> **What the task asks**:
When you reach the line that contains "Lush evergreens populate", set down that line and every one after it through the end of the records, exactly as written and with no pictures.

*** Opening of Given records ***

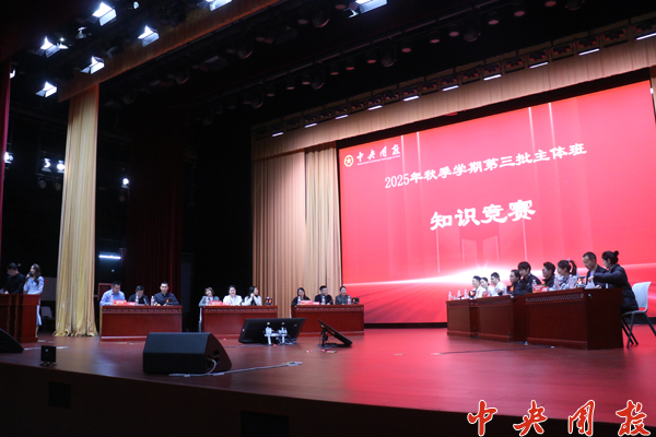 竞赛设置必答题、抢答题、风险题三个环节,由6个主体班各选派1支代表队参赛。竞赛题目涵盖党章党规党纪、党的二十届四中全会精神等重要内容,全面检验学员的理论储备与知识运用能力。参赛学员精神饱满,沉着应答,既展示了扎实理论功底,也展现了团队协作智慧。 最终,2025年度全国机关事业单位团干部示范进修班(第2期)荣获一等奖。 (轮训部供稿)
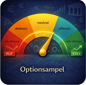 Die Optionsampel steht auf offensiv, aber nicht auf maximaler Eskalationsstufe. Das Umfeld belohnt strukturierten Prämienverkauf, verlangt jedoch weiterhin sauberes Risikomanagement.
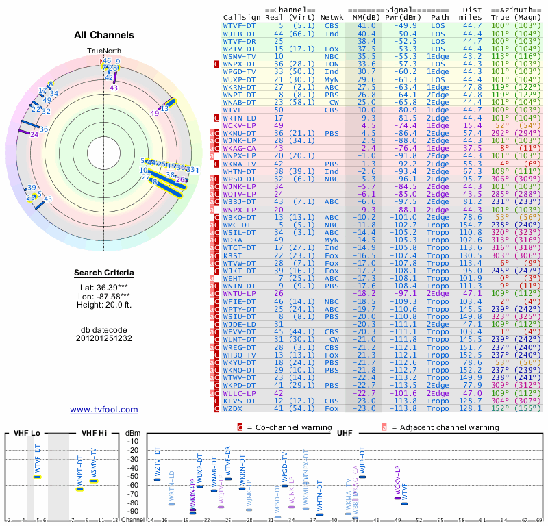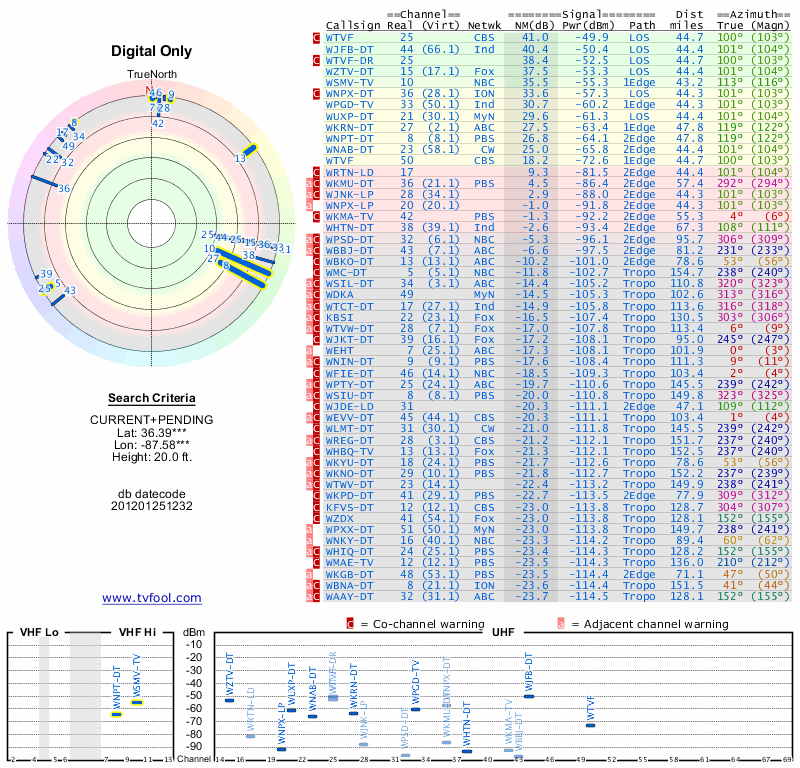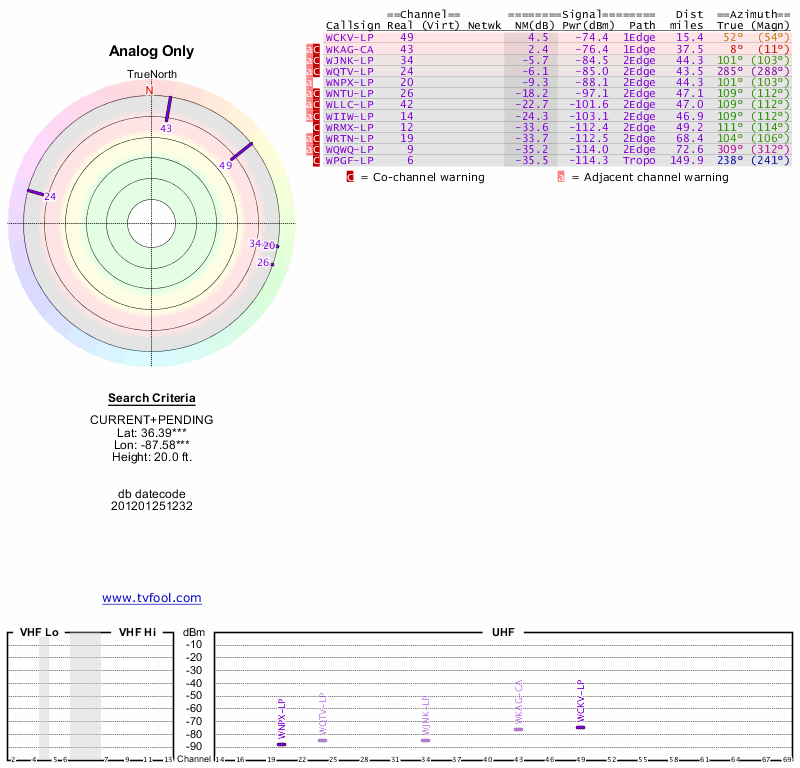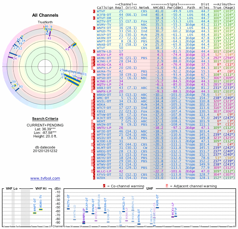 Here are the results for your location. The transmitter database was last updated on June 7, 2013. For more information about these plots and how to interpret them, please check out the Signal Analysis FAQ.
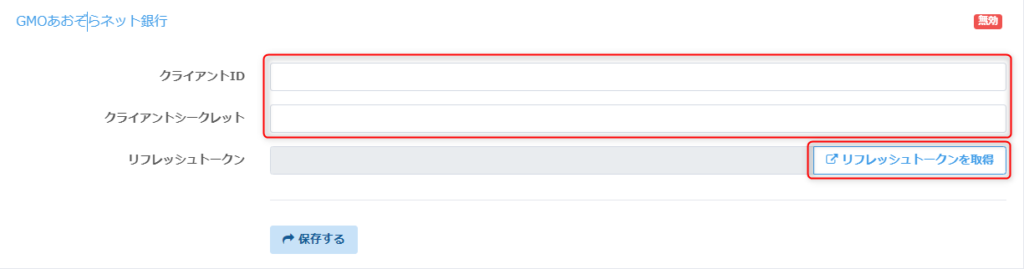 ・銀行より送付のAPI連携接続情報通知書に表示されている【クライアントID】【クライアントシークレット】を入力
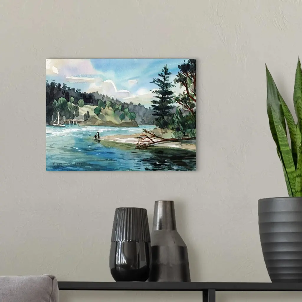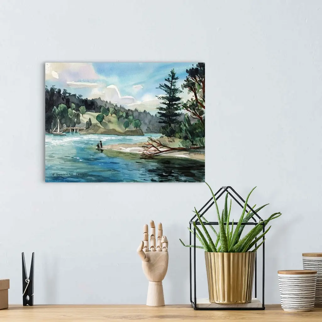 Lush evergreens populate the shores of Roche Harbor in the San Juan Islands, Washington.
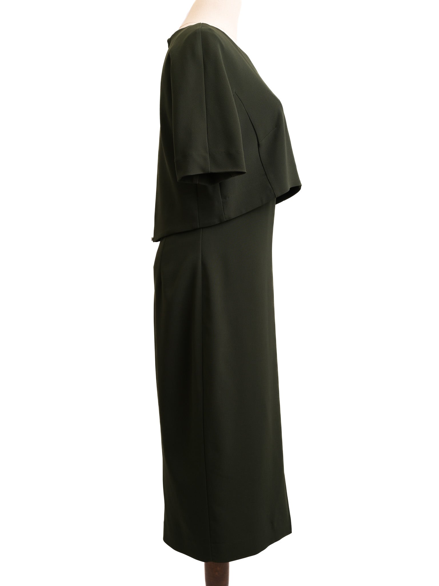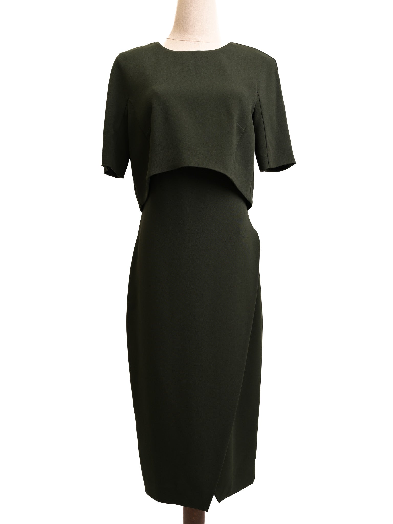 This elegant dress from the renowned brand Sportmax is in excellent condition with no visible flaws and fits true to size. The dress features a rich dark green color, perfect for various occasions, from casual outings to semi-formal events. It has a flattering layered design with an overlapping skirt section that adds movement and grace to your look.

*** Close of Given records ***

> **Answer below**:
 Lush evergreens populate the shores of Roche Harbor in the San Juan Islands, Washington.
 This elegant dress from the renowned brand Sportmax is in excellent condition with no visible flaws and fits true to size. The dress features a rich dark green color, perfect for various occasions, from casual outings to semi-formal events. It has a flattering layered design with an overlapping skirt section that adds movement and grace to your look.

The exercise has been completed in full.